- DATA SECTION -
•••

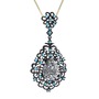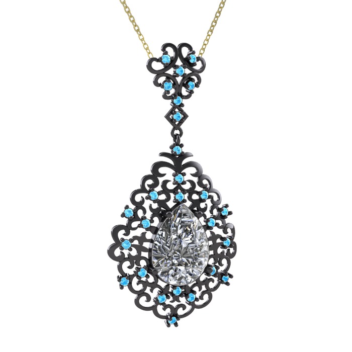 Beyaz zirkon ve akuamarin 925 ayar siyah rodyum kaplama gümüş kolye (40 cm gümüş rolo zincir)
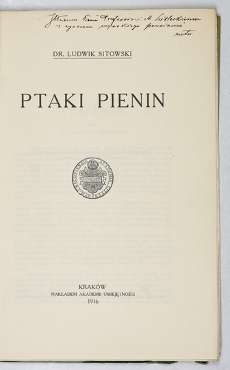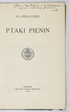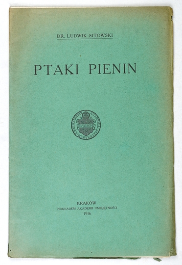 SITOWSKI Ludwik – Ptaki Pienin. Kraków 1916. AU. 8, s. [2], [44]-81. brosz. Odb. ze "Sprawozdań Komisji Fizjograficznej AU".
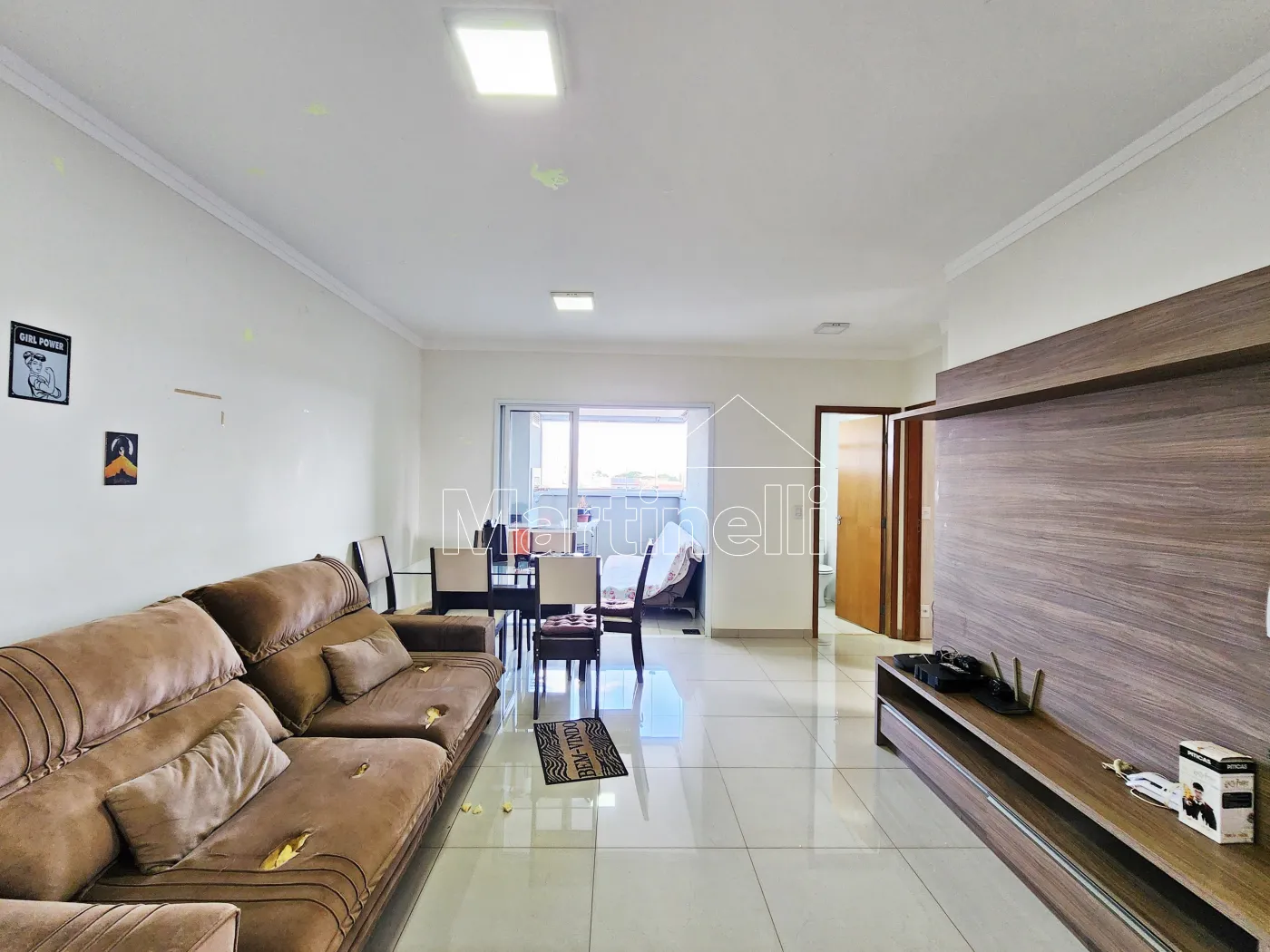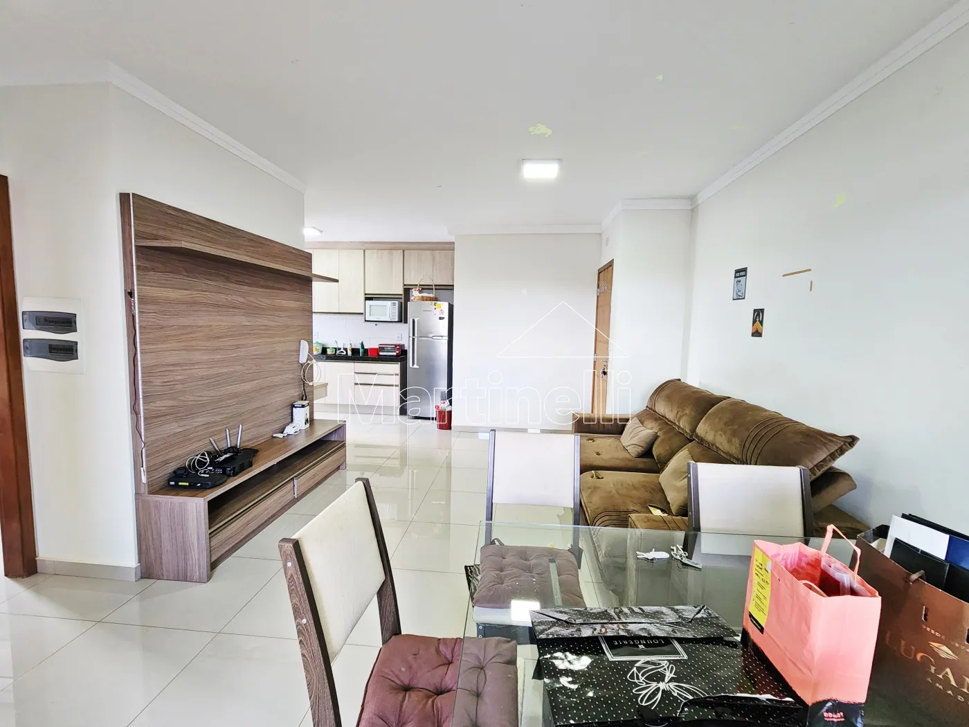 - Sala 2 ambientes com sofá, rack e mesa com 4 cadeiras

•••

- YOUR GOAL -
In copying the listing, reproduce each line exactly and omit the pictures.

- SOLUTION TO THE EXERCISE -
 Beyaz zirkon ve akuamarin 925 ayar siyah rodyum kaplama gümüş kolye (40 cm gümüş rolo zincir)
 SITOWSKI Ludwik – Ptaki Pienin. Kraków 1916. AU. 8, s. [2], [44]-81. brosz. Odb. ze "Sprawozdań Komisji Fizjograficznej AU".
 - Sala 2 ambientes com sofá, rack e mesa com 4 cadeiras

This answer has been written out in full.